Через час после обхода по отделению не спеша прошел Вадим Самойлович с тоненькой папкой под мышкой. Он еще не успел накинуть халат, был в клетчатой рубашке с короткими рукавами, в просторных льняных брюках на плетеном пояске, что придавало ему вызывающе-беззаботный и даже курортный вид. В фиолетовом сумраке коридора он казался сомнительным и случайным. Из-за двери сестринской его беспечное появление, как всегда, наблюдала старшая сестра. Больничный сумрак придавал ее настороженным глазам остекленевший блеск. Обернувшись на этот пронзительный взгляд, Вадим Самойлович шутливо козырнул, просиял добродушной улыбкой, за которой еще пойди разберись чего кроется. Он без стука распахнул дверь в кабинет заведующего, с порога смешливо поздоровался и исчез в душной комнате, облицованной деревом. Старшая сестра намеренно проходила несколько раз мимо кабинета, но так и не смогла ничего уловить, даже прислонившись ухом к пышной кожаной двери с золоченой табличкой «Заведующий отделением». Ни словечка, ни лоскутика фразы, ни вспышки ссоры не досталось ей, чтобы унять любопытство. Полчаса дверь кабинета была строго-настрого заперта, в том числе и для ординатора с его срочным вопросом относительно двух неоперабельных старушек из десятой палаты. Потом клацнул замок, скрипнули петли, дверь распахнулась. Заведующий маршировал куда-то в зыбком фиолетовом сумраке, ероша волосы, словно выискивая в них решение какой-то клубящейся предгрозовой думы. На ходу он подозвал старшую сестру и, разминая сигарету в пальцах, велел ей немедленно перевести больного из палаты номер 12/а на дообследование.
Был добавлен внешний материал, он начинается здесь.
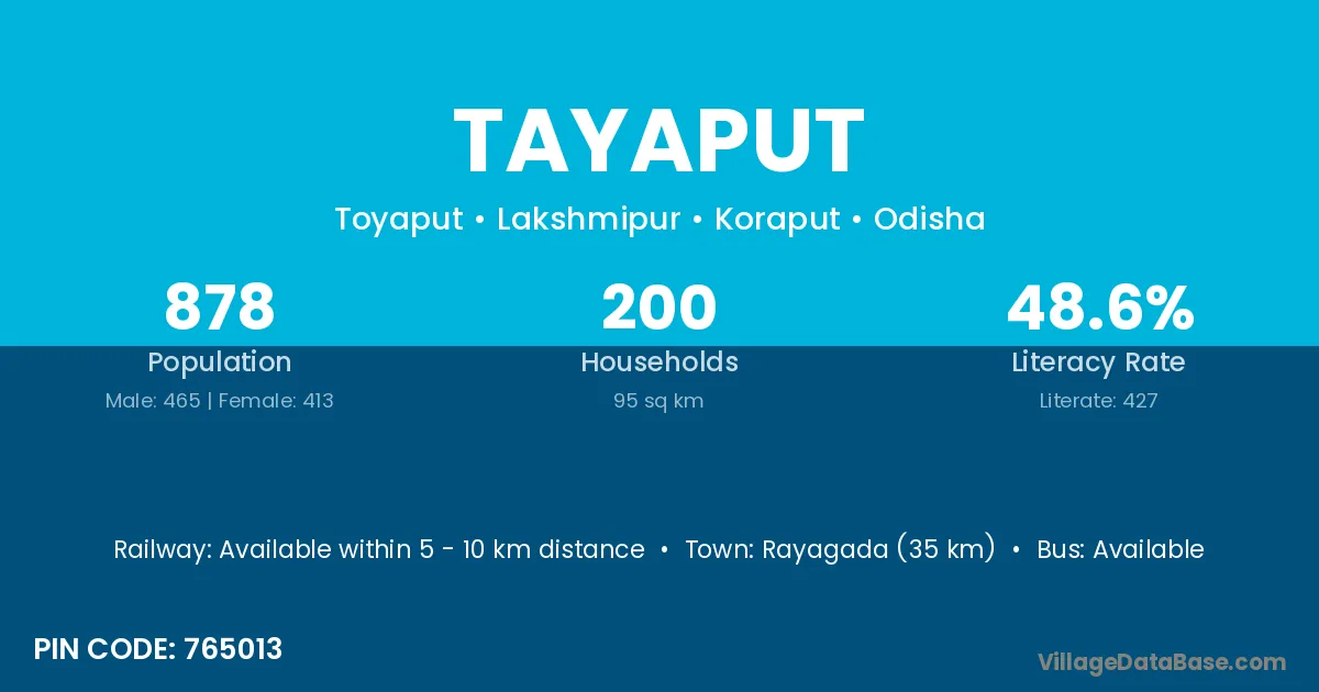 Rayagada (41 km) is the nearest town to Tayaput village for major economic activities and is located approximately 41 km away.

– Это который вчера среди ночи у нас неожиданно ожил?
– Да, вези его сейчас же в третий корпус, в отдельный бокс – на дообследование.
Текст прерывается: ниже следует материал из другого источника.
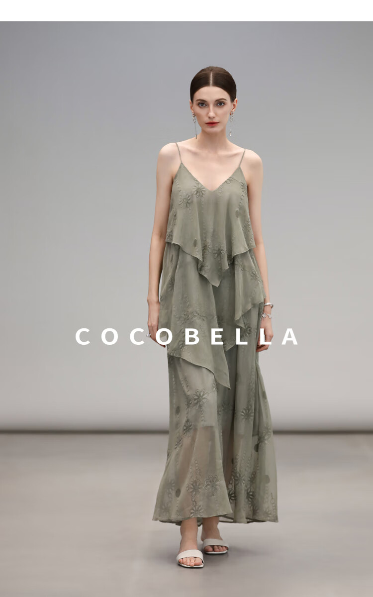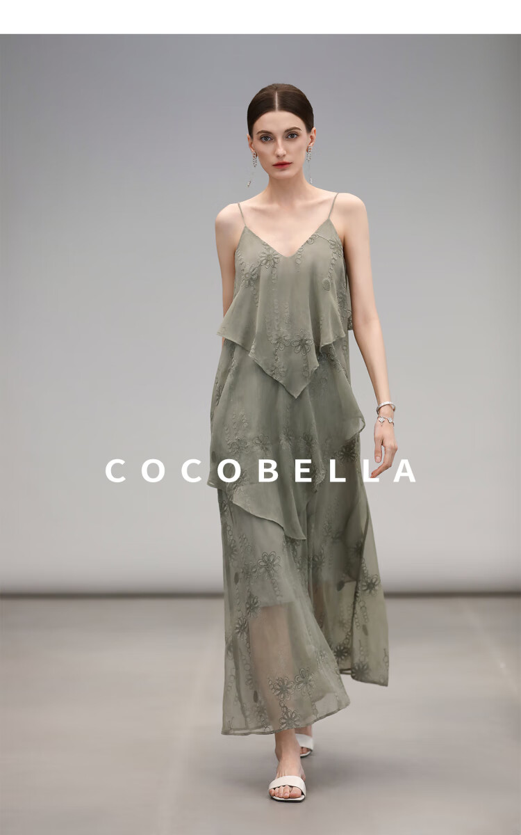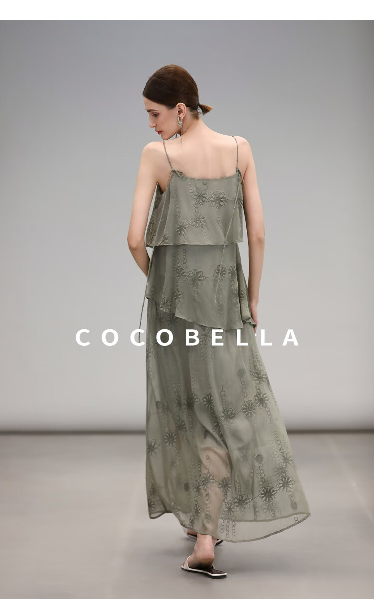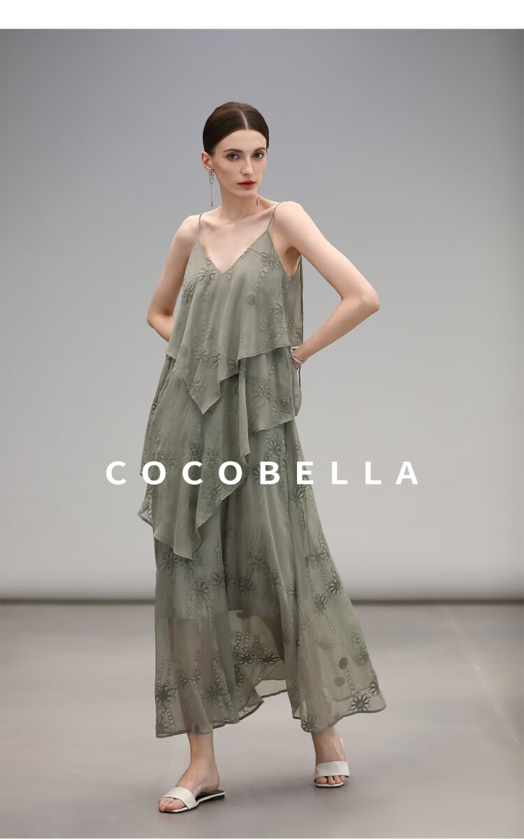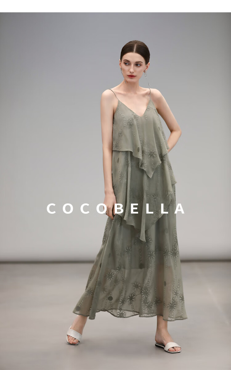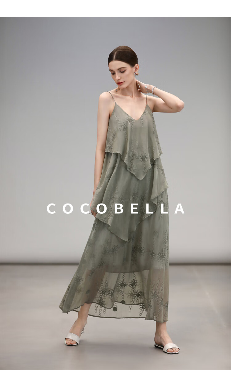 【限时秒杀】COCOBELLA万针刺绣炒色薄荷曼波吊带裙度假风飘逸大摆长裙FR7068

Не успела старшая сестра толком расспросить, не успела хитро разузнать хоть что-нибудь, заведующий уже ускользнул к дальней лестнице, ненасытно и нервно курить. Из приоткрытой двери его кабинета струился тусклый свет и тут же бесследно растворялся, поглощаемый сумраком отделения. Не укрылась эта легкомысленно оставленная лазейка от зорких глаз ординатора, который уважительно позволил заведующему потеряться в дали и тогда уж вороватой тенью скользнул в его кабинет.
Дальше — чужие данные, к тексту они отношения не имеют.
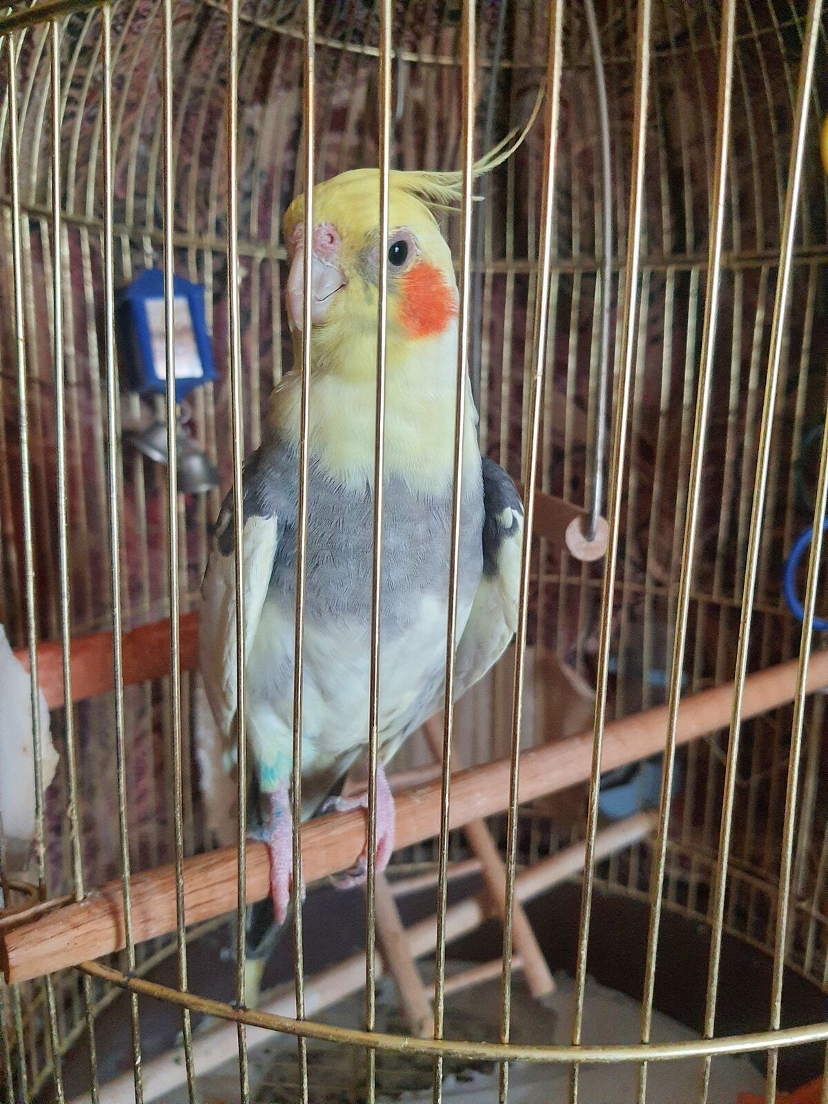 Уже тут показывала, ему 21 год или даже 22. Еще есть две собаки. Уже редко выпускаю, мало летает, собак в это время в другую комнату от греха подальше. Никаких особо забот

За столом заведующего, изогнувшись на краешке кресла, Вадим Самойлович изучал рентгеновский снимок через старый, давно списанный проектор. Солнце, отстраненное занавеской, пробивалось в небольшую комнатку, облицованную темным деревом, озаряло неуместной радостью июньского утра коричневый диванчик, изукрашенный седыми дырами от сигарет, оброненных заведующим в изможденном полусне после многочасовых операций. Ветхая мебель, казалось, страдала от тесноты и с огромным трудом сдерживалась, чтобы не чихнуть от пыльной тяжести нагроможденных в кабинете бумаг. На небольшом журнальном столике, на блеклом комоде, на письменном столе, возле окна в беспорядке валялись листы статей, отчеты, выписки, медицинские журналы, увесистые перекошенные справочники. Черный низенький сервант ежился от тусклых рюмок и бесхозных чашек с недопитым чаем или ржавым последом некогда горчившего в них кофе.
Тихо скользнув по кабинету, ординатор, как всегда, отшатнулся от зловещей Венеры. На советском холодильнике «ЗИЛ» поблескивала лаком подаренная заведующему на шестидесятилетие деревянная кобра с грозно развернутым капюшоном, чешуйчатая кожа которого была одновременно женскими бедрами. Холодная шея являлась обольстительной талией этой затаившейся перед броском женщины-змеи. Парализующий взор внимательных глаз, приоткрытая пасть, раздвоенное жало и два хищно выгнутых ядовитых зуба воплощали Медицину во всей ее угрожающей и завораживающей красоте. Ординатор замер. Ему, как всегда, почудилось, что змеища норовит подмигнуть и угрожающе сверкает оранжевыми стекляшками глаз. Опомнившись, ординатор подкрался, застыл за плечом Вадима Самойловича и приступил вместе с ним к изучению снимка.